Wednesday, March 25, 2015

Movie Reaction: The Divergent Series: Insurgent

Formula: Divergent + middle movie lull
Why I Saw It: Divergent was fun in a "just above average" way compared to the other teen dystopias that are taking over.

Cast: The Divergent series wins the award for casting the right people just in time. Shailene Woodley again makes most of this movie work through sheer force of will. She's the kind of actor who makes up for a lot of other problems. It's almost not even worth mentioning the rest of the cast, given how completely she takes over the movie, but I will anyway. Theo James is tough and brooding. Ansel Elgort is very one dimensional. Miles Teller is criminally underused. Jai Courtney is more of an obstacle than a character/antagonist. Kate Winslet is delivering exactly the performance she's supposed to. Naomi Watts and Octavia Spencer give the movie some clout. Others like Zoe Kravitz come back, basically to link this back to the first movie.

Plot: Tris (Woodley) is still on the run, Woodley's cadre of on-screen boyfriends (James - Divergent, Teller - The Spectacular Now, Elgort - The Fault in Our Stars) in tow. The Erudites have assumed full covert control over the city (Is there a name for the city? I didn't catch one). She spends her time trying to get the other factions and non-factions to rebel. Meanwhile, Jeanine (Winslet), has a McGuffin, er, a box that has an important secret in it that for some reason, can only be opened by a divergent. Not just any divergent though: one that can pass a bunch of tests. Tests similar to the ones in the first movie, expect much more pixelated. A lot of jumping through glass and walls. The movie kind of lost me at some point. I got what was going on, but not really the point of any of it.

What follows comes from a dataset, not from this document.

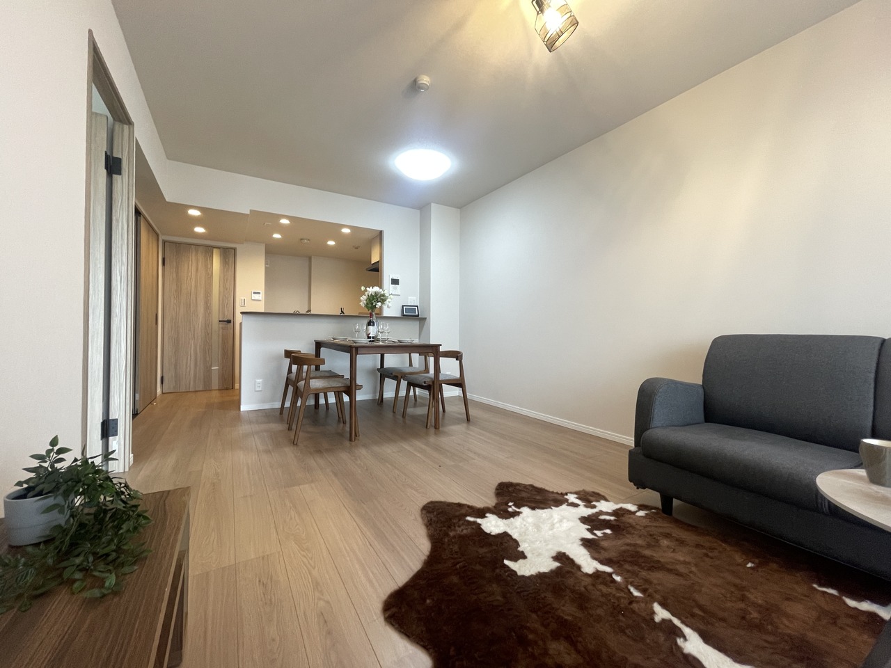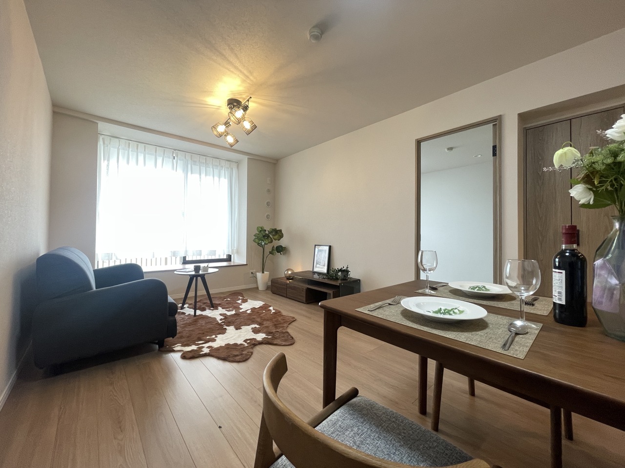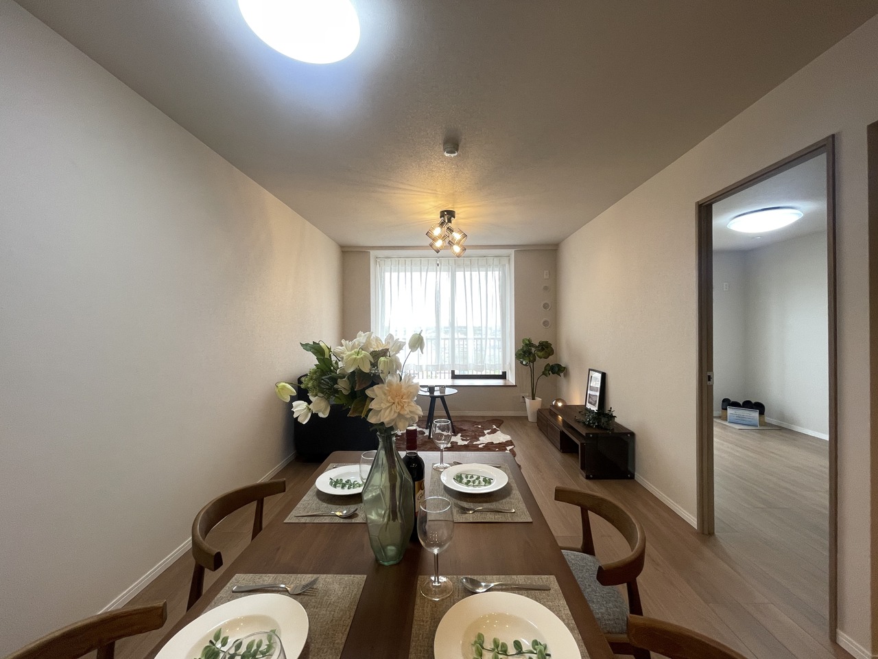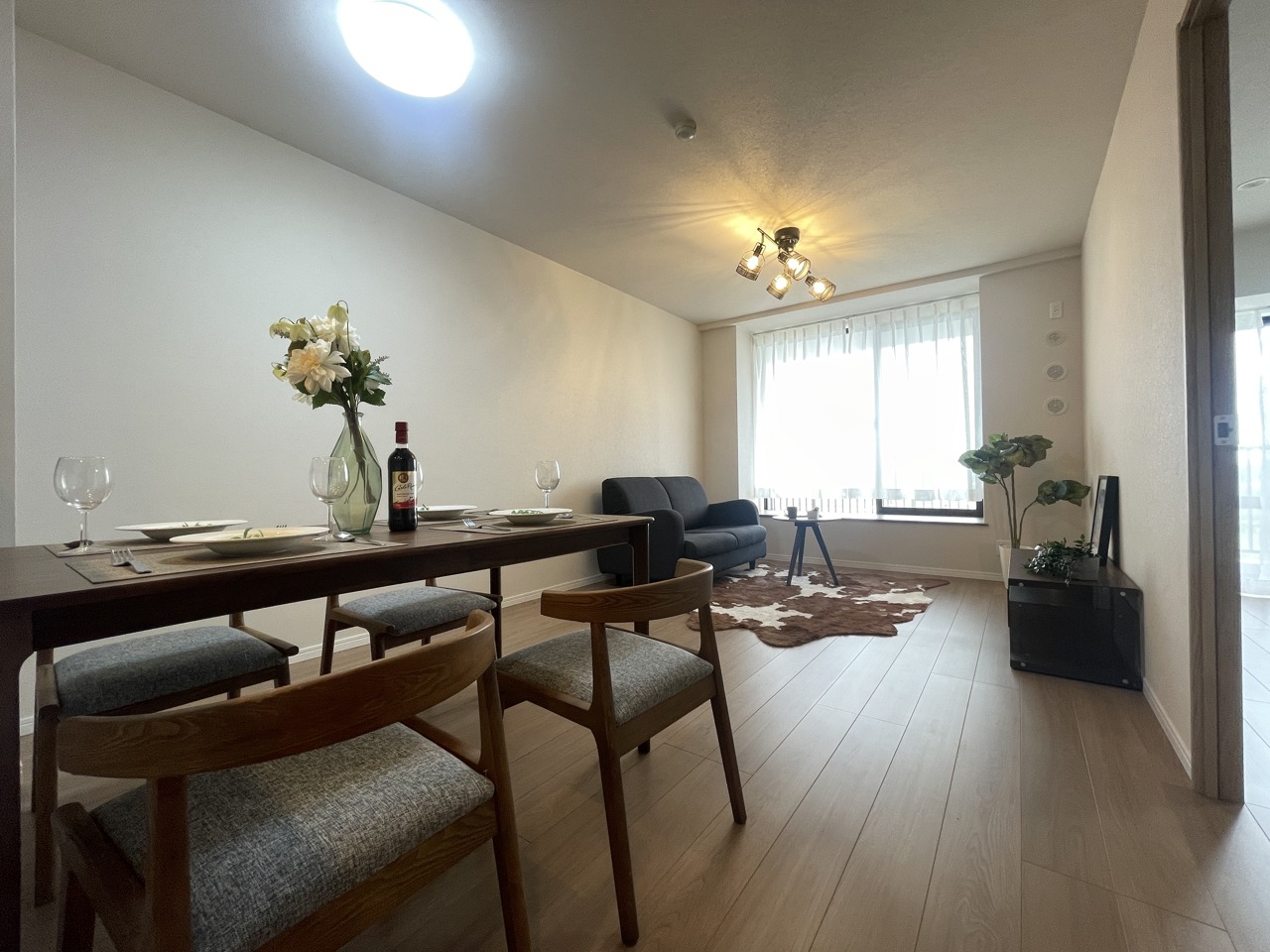大画面TVの配置も可能なワイドリビング。ホームステージングで生活のイメージが付きやすいです。

Elephant in the Room: How is this different from the other dystopia's out there? It's not. Somehow, Insurgent just made it all feel less plausible. The first movie was grounded in a lot of ways. It had a ground level view of things. This movie increased the scale tremendously, which only highlighted how silly this world is. If I stop to think about any one beat of the story for too long, I lose the thread of the plot completely and get bombarded with internal (or external) logic questions that come down to "how can such an smart society be so dumb?".

To Sum Things Up:
I'll watch more of these movies because I'll watch Shailene Woodley in just about anything (The same goes for Miles Teller as a scene-stealer). Pretty much everything else is a mess though. The story is muddled. The world isn't as well built as the first installment (you can really feel the change in directors). The effects are overdone (Please, no more of these virtual reality sequences). I'd really like to see a version of all this that doesn't feel like there's a checklist of young-adult dystopian tropes that had to be followed. I don't know how they did it, but I'm actually more excited for the Maze Runner sequel than another one of these movies.